[EXTRACTED RECORDS Boundary: Start]

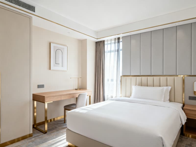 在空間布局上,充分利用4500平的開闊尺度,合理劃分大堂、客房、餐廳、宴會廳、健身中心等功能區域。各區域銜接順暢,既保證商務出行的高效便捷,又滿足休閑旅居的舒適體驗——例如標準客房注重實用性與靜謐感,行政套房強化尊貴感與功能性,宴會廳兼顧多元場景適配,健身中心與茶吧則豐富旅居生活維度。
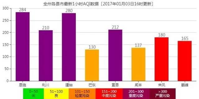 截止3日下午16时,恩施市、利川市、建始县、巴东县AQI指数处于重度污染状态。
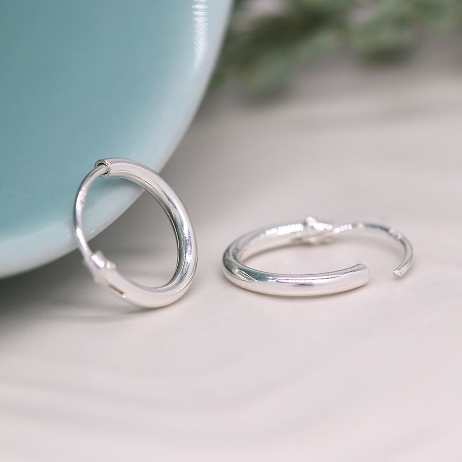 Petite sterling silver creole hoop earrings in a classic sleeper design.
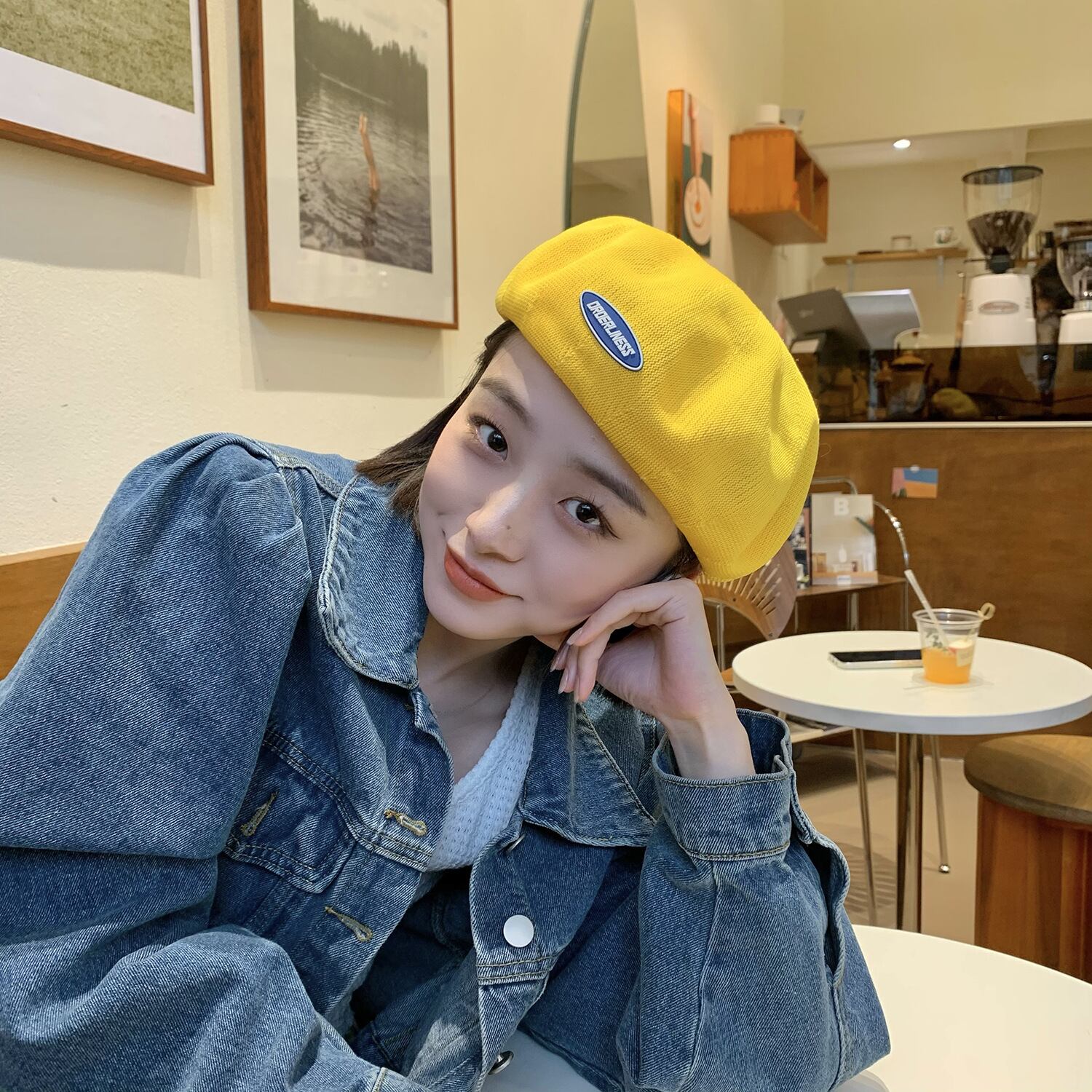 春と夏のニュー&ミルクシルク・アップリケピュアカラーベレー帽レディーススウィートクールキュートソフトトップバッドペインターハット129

[EXTRACTED RECORDS Boundary: End]
[EXTRACTED RECORDS Boundary: Start]

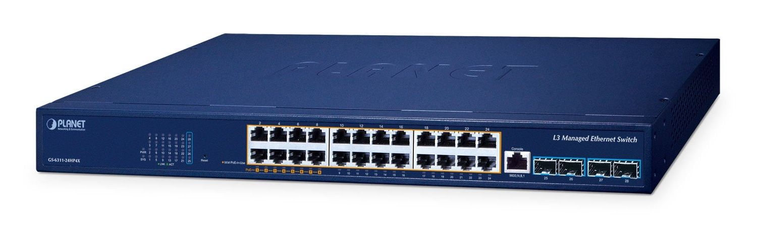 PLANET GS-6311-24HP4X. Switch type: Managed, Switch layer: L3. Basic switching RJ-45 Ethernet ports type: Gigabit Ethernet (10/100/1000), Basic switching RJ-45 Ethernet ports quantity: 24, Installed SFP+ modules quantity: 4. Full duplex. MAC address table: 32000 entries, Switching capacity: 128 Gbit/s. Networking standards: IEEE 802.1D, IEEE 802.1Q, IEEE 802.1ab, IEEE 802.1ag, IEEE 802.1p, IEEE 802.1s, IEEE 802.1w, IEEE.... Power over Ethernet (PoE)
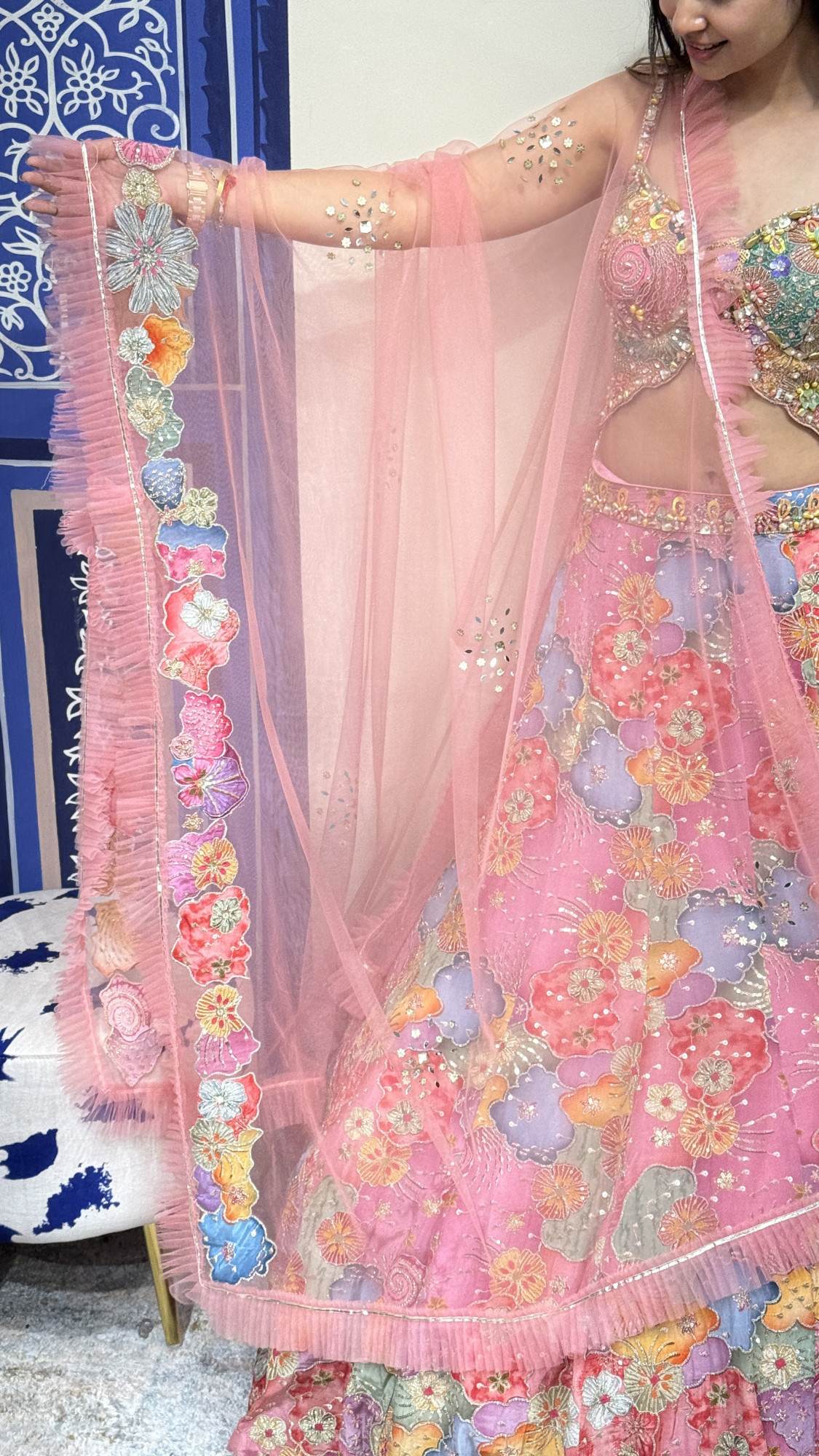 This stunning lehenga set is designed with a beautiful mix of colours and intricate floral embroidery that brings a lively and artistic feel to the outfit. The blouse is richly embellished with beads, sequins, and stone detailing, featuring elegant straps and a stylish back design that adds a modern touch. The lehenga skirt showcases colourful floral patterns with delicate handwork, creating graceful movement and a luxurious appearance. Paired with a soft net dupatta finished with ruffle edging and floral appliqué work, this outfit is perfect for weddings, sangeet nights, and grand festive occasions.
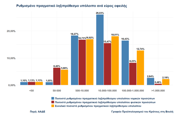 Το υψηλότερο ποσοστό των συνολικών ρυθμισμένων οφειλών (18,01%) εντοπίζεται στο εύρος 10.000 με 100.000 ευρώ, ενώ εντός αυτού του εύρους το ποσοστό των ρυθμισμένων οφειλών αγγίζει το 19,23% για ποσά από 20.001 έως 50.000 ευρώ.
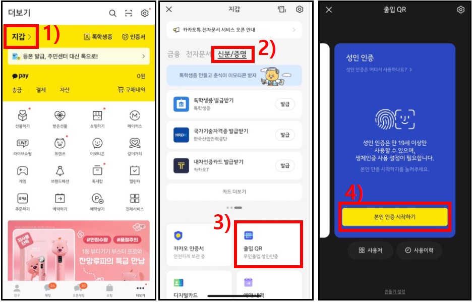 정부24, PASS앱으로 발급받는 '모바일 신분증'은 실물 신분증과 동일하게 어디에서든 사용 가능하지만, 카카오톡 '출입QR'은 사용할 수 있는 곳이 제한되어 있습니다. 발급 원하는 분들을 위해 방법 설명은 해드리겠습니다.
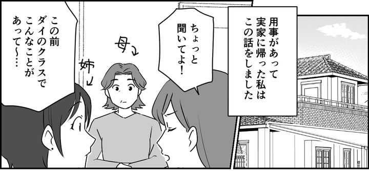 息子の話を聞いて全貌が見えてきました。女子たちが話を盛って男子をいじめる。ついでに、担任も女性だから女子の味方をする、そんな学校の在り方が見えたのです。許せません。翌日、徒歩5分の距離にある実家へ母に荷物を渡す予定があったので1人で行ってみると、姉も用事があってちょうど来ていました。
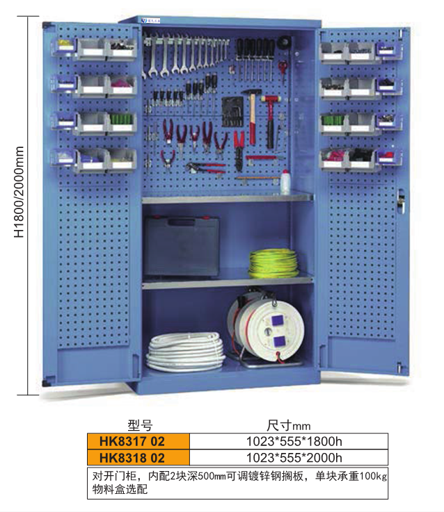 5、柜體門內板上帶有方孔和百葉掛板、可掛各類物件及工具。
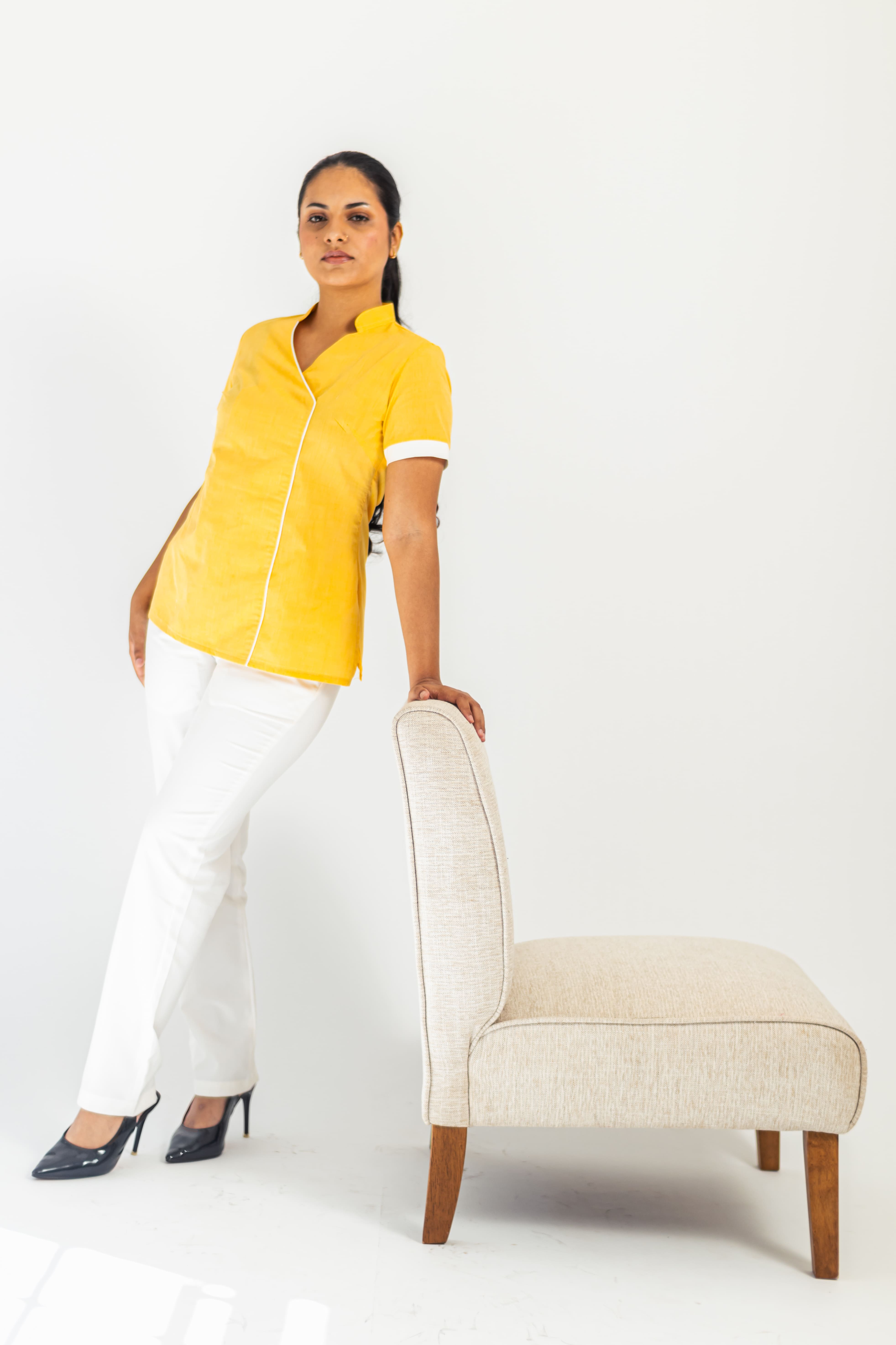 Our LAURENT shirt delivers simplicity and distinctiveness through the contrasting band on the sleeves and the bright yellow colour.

[EXTRACTED RECORDS Boundary: End]

→ EXERCISE PROMPT:
Copy only this from above: the line containing "截止3日下午16时,恩施市、利川市、建始县、巴东县AQI指数处于重度污染状态。", the line containing "春と夏のニュー&ミルクシルク", and all lines between, printed exactly. Leave out the pictures.

→ RESULT FOR THIS EXERCISE:
 截止3日下午16时,恩施市、利川市、建始县、巴东县AQI指数处于重度污染状态。
 Petite sterling silver creole hoop earrings in a classic sleeper design.
 春と夏のニュー&ミルクシルク・アップリケピュアカラーベレー帽レディーススウィートクールキュートソフトトップバッドペインターハット129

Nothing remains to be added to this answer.